-------- Information shown --------

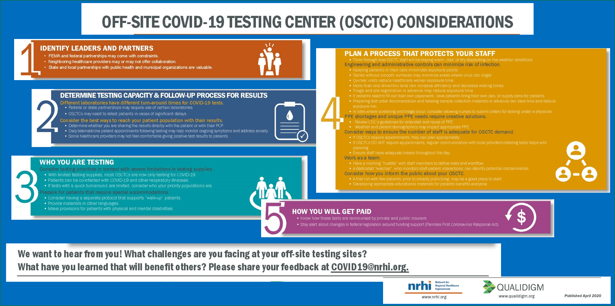 The Network for Regional Healthcare Improvement (NRHI) and Qualidigm, NRHI member, led a rapid assessment of COVID-19 off-site testing.
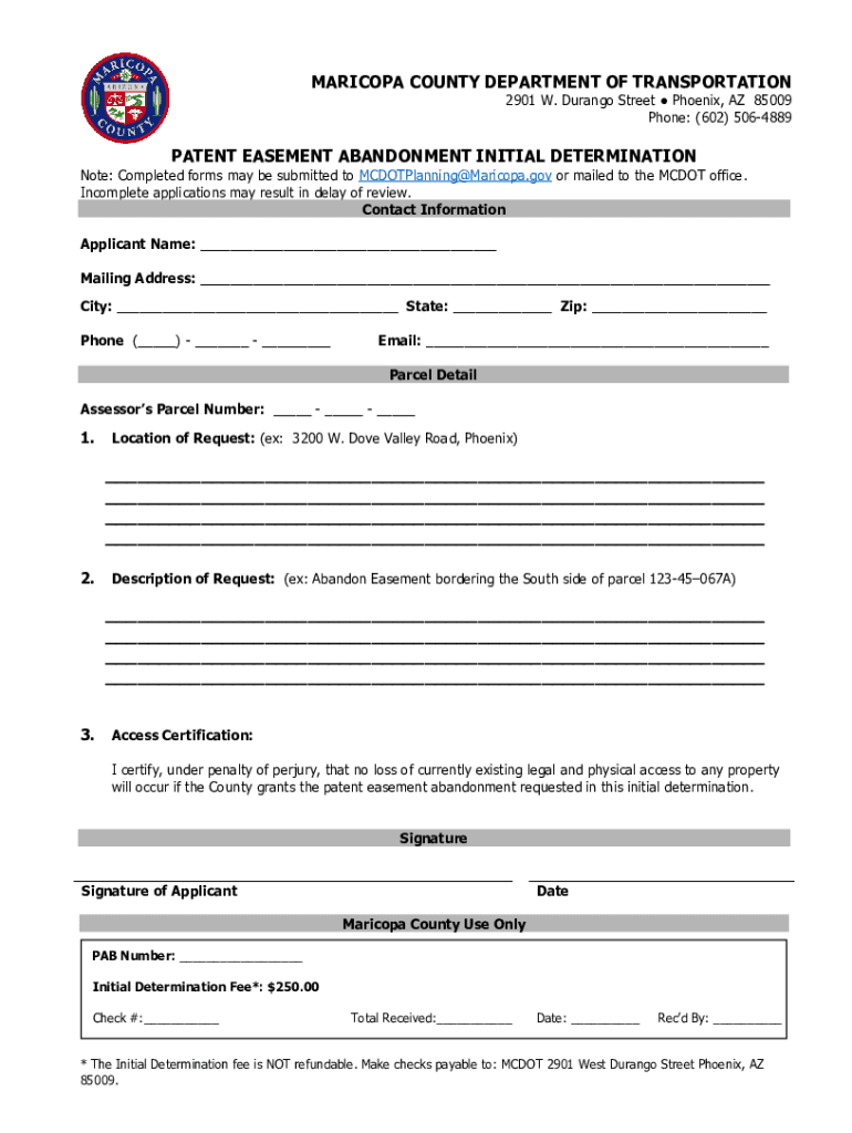 MARICOPA COUNTY DEPARTMENT OF TRANSPORTATION 2901 W. Durango Street Phoenix, AZ 85009 Phone: (602) 5064889PATENT EASEMENT ABANDONMENT INITIAL DETERMINATIONNote: Completed forms may be submitted to
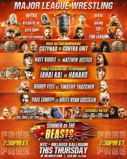 Summer of the Beasts (2024) was a professional wrestling event produced by Major League Wrestling (MLW) that took place on August 29, 2024, at the Melrose Ballroom in Queens, New York. The event streamed live on MLW's YouTube channel.[1] A "surprise" streaming special called "Summer of the Beasts: Part 2", featuring unseen dark matches from the event, and the Bobby Fish vs Timothy Thatcher match that was cut from the live broadcast due to technical issues, would be uploaded to YouTube on September 7.[2]
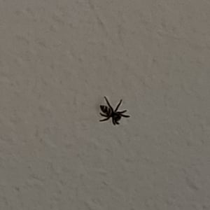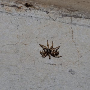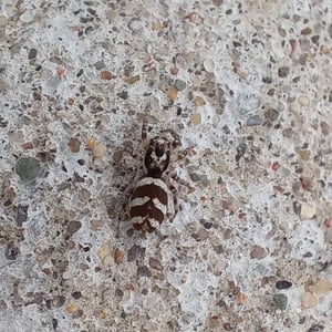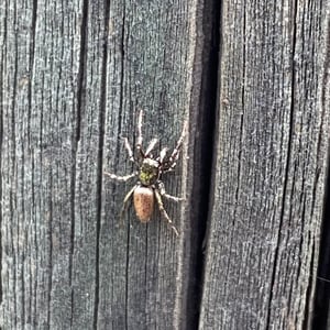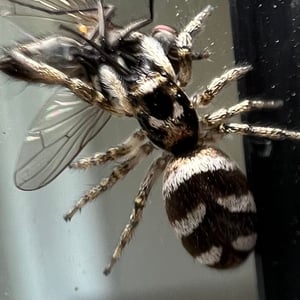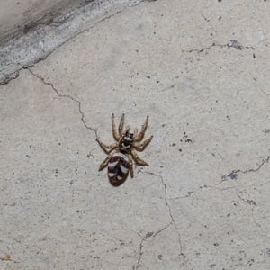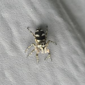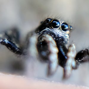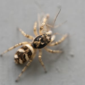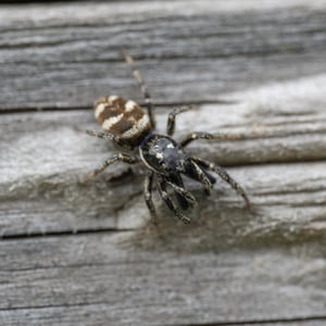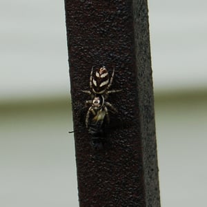Coloration is determined by various scales (modified setae) covering a brown or black integument. Narrow scales (or hairs) may be black or red/rust colored, while broad scales are either iridescent (often magenta or green) or opaque granular white or yellow. Several common species have a dorsal pattern of black narrow scales and white granular scales arranged in transverse stripes, especially on the abdomen, from which the common name “zebra spiders” originates, e.g. Holarctic Salticus scenicus (Clerck, 1757). Some Salticus species in the Southwestern US and Mexico have red and white transverse stripes on the abdomen, e.g. Salticus palpalis (Banks, 1904). Some lack the “zebra” stripes completely and have both dorsal abdomen and cephalothorax covered with iridescent scales, e.g. Salticus peckhamae (Cockerell, 1897). Since the dorsal coloration does not seem to be involved in the male’s courtship display the coloration may have been selected for camouflage or mimicry. For example, there is a strong similarity between S. palpalis and Agapostemon sweat bees. Salticus species range in length from 3-7 mm. Males are smaller than females, but have elongated chelicerae and pedipalps.

--------

Print verbatim every line above, apart from the pictures.

▸ Task answer
 The Network for Regional Healthcare Improvement (NRHI) and Qualidigm, NRHI member, led a rapid assessment of COVID-19 off-site testing.
 MARICOPA COUNTY DEPARTMENT OF TRANSPORTATION 2901 W. Durango Street Phoenix, AZ 85009 Phone: (602) 5064889PATENT EASEMENT ABANDONMENT INITIAL DETERMINATIONNote: Completed forms may be submitted to
 Summer of the Beasts (2024) was a professional wrestling event produced by Major League Wrestling (MLW) that took place on August 29, 2024, at the Melrose Ballroom in Queens, New York. The event streamed live on MLW's YouTube channel.[1] A "surprise" streaming special called "Summer of the Beasts: Part 2", featuring unseen dark matches from the event, and the Bobby Fish vs Timothy Thatcher match that was cut from the live broadcast due to technical issues, would be uploaded to YouTube on September 7.[2]
Coloration is determined by various scales (modified setae) covering a brown or black integument. Narrow scales (or hairs) may be black or red/rust colored, while broad scales are either iridescent (often magenta or green) or opaque granular white or yellow. Several common species have a dorsal pattern of black narrow scales and white granular scales arranged in transverse stripes, especially on the abdomen, from which the common name “zebra spiders” originates, e.g. Holarctic Salticus scenicus (Clerck, 1757). Some Salticus species in the Southwestern US and Mexico have red and white transverse stripes on the abdomen, e.g. Salticus palpalis (Banks, 1904). Some lack the “zebra” stripes completely and have both dorsal abdomen and cephalothorax covered with iridescent scales, e.g. Salticus peckhamae (Cockerell, 1897). Since the dorsal coloration does not seem to be involved in the male’s courtship display the coloration may have been selected for camouflage or mimicry. For example, there is a strong similarity between S. palpalis and Agapostemon sweat bees. Salticus species range in length from 3-7 mm. Males are smaller than females, but have elongated chelicerae and pedipalps.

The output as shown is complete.